Former U.S. Attorney General Bill Barr said in December that the U.S. Department of Justice found no evidence of widespread voter fraud that had the power to change the outcome of the 2020 election. And according to an NBC News analysis, as of mid-December, nearly all legal challenges filed by Trump’s lawyers or his supporters have either been blocked by the courts, settled or withdrawn. Six lawsuits challenging the results in Wisconsin were either dismissed or denied by the courts, according to the analysis.

In a statement Sunday, former U.S. House Speaker Paul Ryan, a fellow Wisconsin Republican, issued a statement criticizing the move and calling President-elect Joe Biden’s victory “entirely legitimate.”

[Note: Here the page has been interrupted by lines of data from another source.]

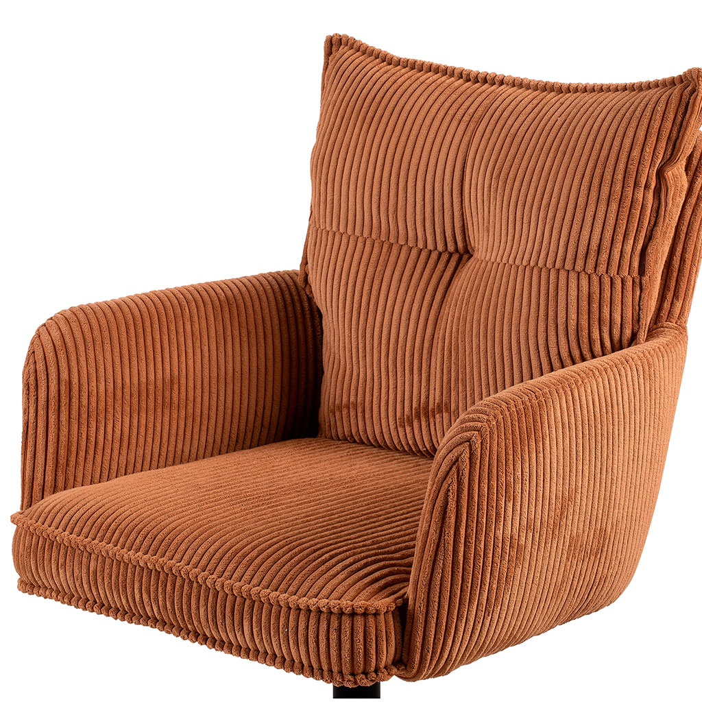 Transformez votre espace de travail avec cette chaise de bureau à roulettes en velours côtelé caramel.
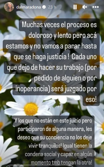 Dalma, la figlia di Diego Armando Maradona, ha commentato il rinvio a giudizio di 8 persone per la morte del Pibe de Oro pubblicando una 'storia' sul proprio profilo Instagram: "Molte volte il processo è doloroso e lento e non ci fermeremo finché non sarà fatta giustizia! Tutti coloro che hanno smesso di fare il proprio lavoro [su richiesta di qualcuno o per inefficenza] saranno giudicati per questo!".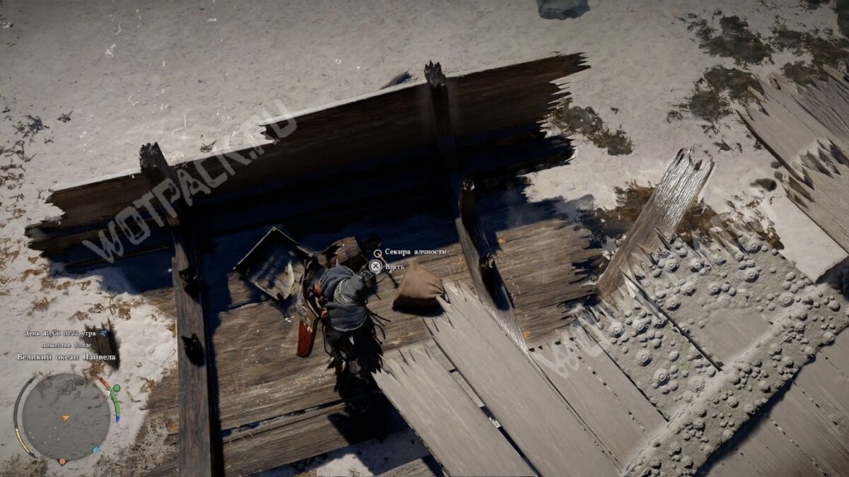 Секира Алчности — одноручный топор, который можно использовать вместо или вместе со щитом. Лежит среди обломков судна у скалы на юге Деменисса.
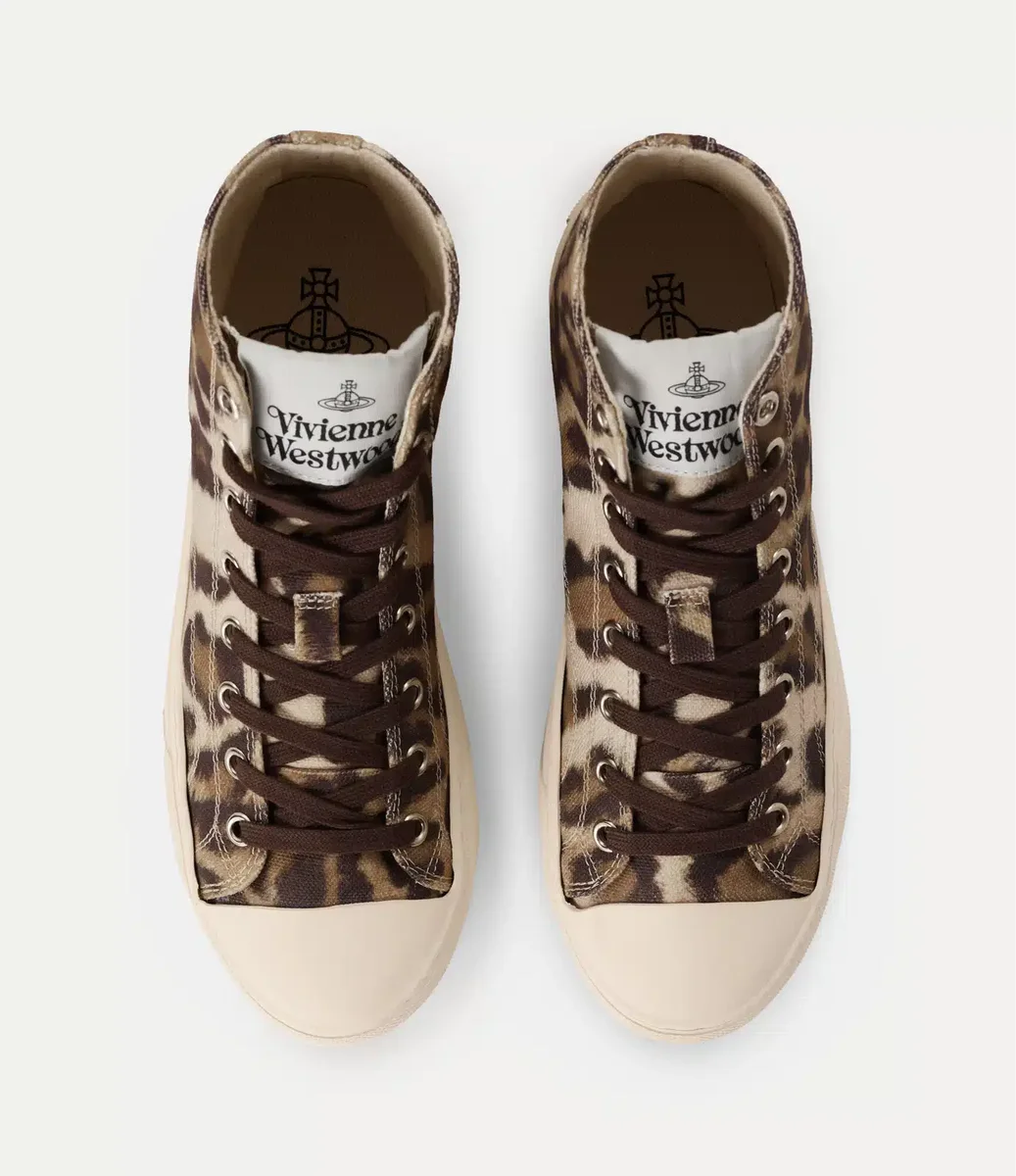 De hoge plimsoll van Vivienne Westwood is dit seizoen opnieuw ontworpen in bedrukt katoenen canvas.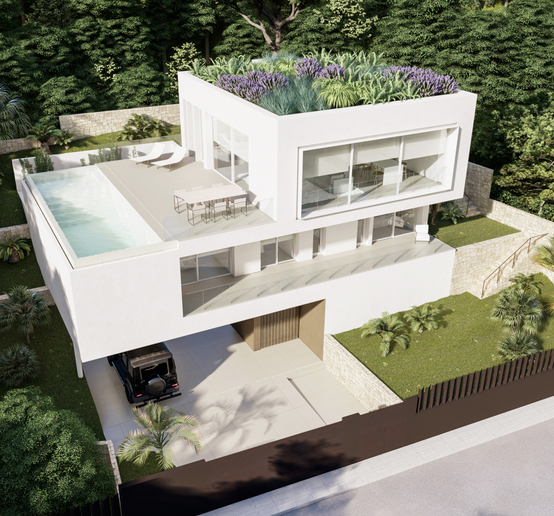 Explore esta villa exclusiva en la Colina de San Nicolás. Lujo y vistas al mar en tres niveles: sótano, planta baja y amplia planta alta con salón-comedor y cocina con isla.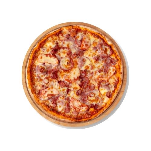 Molho de tomate especial, mussarela , lombo canadense, champignon, requeijão (tipo Catupiry) e orégano.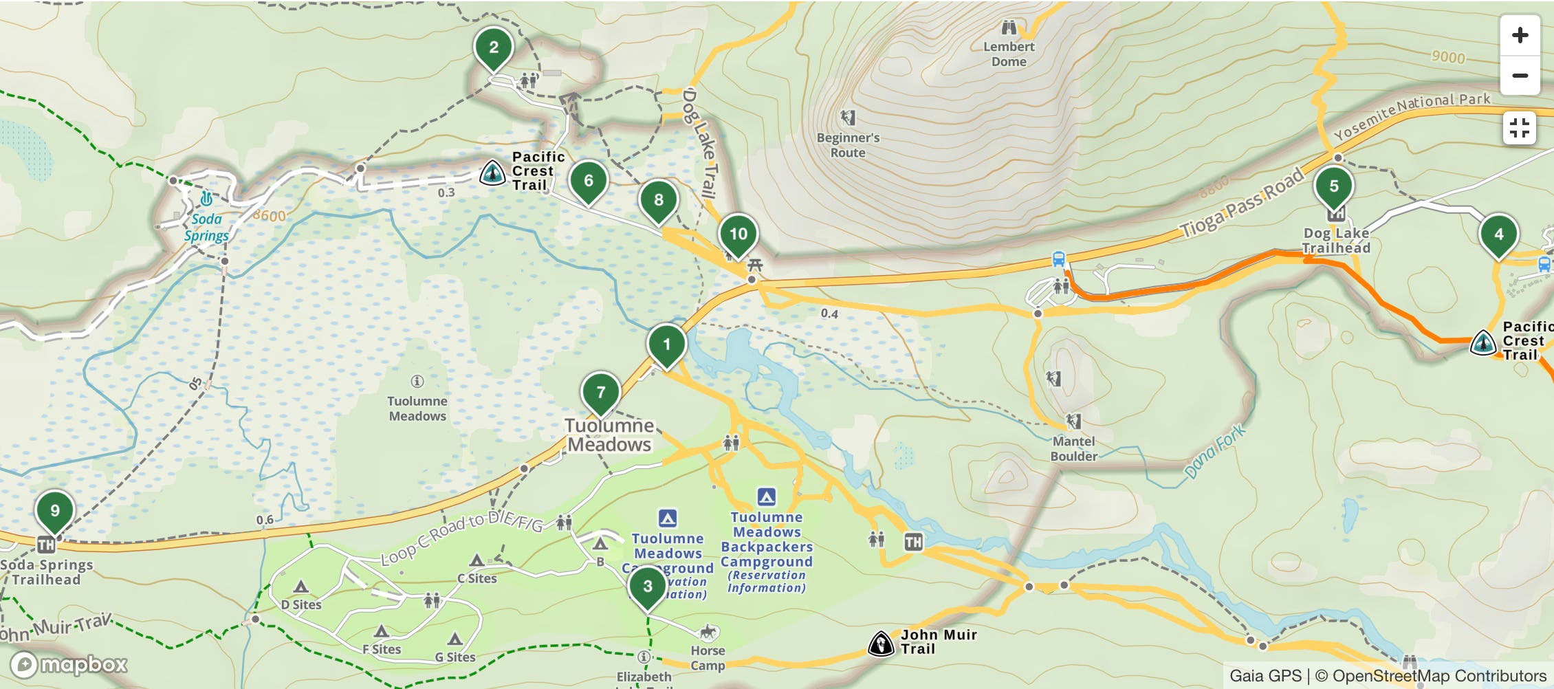 Most campgrounds within Yosemite open for reservations five months out—and can be gobbled up here seconds after they’re released. But select campgrounds, including Bridalveil Creek, Crane Flat, Tamarack Flat, and White Wolf, are released just two weeks in advance from July to mid-October. Bridalveil Creek campground has 110 sites about 45 minutes from Yosemite Valley and close to hiking trailheads along Glacier Point Road. At Crane Flat, you’ll find 151 sites near giant sequoias, while 52-site Tamarack Flat and 74-site White Wolf are located along Tioga Road, with closer access to climbing and hiking in the Tuolumne Meadows area, which you can explore on this Gaia GPS map.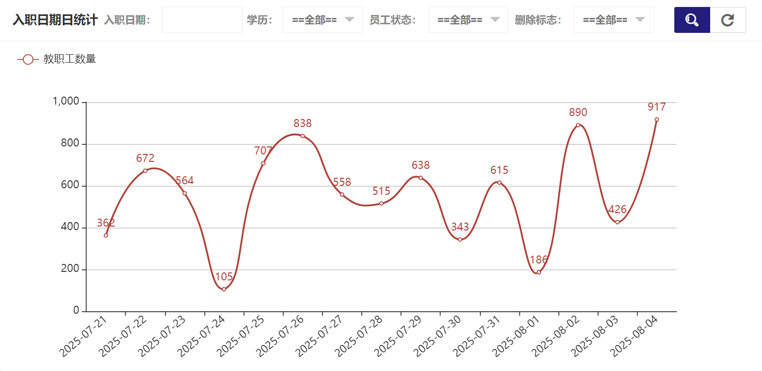 在教职工统计中可以看到入职日期年统计、入职日期月统计、入职日期日统计、离职日期年统计、离职日期月统计、离职日期日统计、学历统计、员工状态统计、删除标志统计,入职日期日统计如图所示: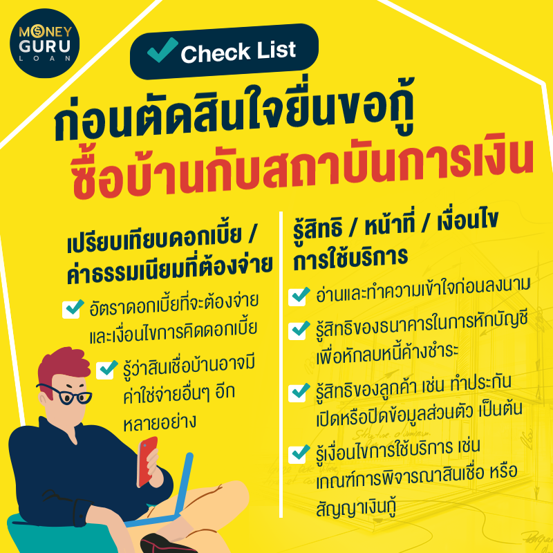 "Check List" ก่อนตัดสินใจยื่นขอกู้ซื้อบ้านกับสถาบันการเงินCheck List เป็นสิ่งจำเป็นที่ต้องทำก่อนตัดสินใจจะซื้อบ้านสักหลัง เพื่อเป็นแนวทางให้เราเตรียมความพร้อมได้ล่วงหน้า ไม่พลาด ด้วยการทำเรื่องยากให้เป็นเรื่องง่าย เมื่อยื่นกู้ซื้อบ้านกับธนาคารแล้วได้รับการอนุมัติแบบผ่านฉลุย

“Efforts to reject the votes of the Electoral College and sow doubt about Joe Biden’s victory strike at the very foundation of our republic,” Ryan said in a statement. “It is difficult to conceive of a more anti-democratic and anti-conservative act than a federal intervention to overturn the results of state-certified elections and disenfranchise millions of Americans. The fact that this effort will fail does not mean it will not do significant damage to American democracy.”

Johnson’s Sunday interview with “Meet the Press” host Chuck Todd turned into a shouting match multiple times, with both at one point telling the other to “look in the mirror” and acknowledge their roles in perpetuating conspiracy theories about voter fraud in the 2020 election, and the declining trust in the mainstream media respectively.

Voting to certify the Electoral College results will happen Wednesday before a joint session of Congress.

In the statement Saturday, Johnson and others acknowledged that many members of Congress, including members of the Republican party, will likely still vote to certify Biden’s Electoral College win Wednesday, saying the group is “not naive.”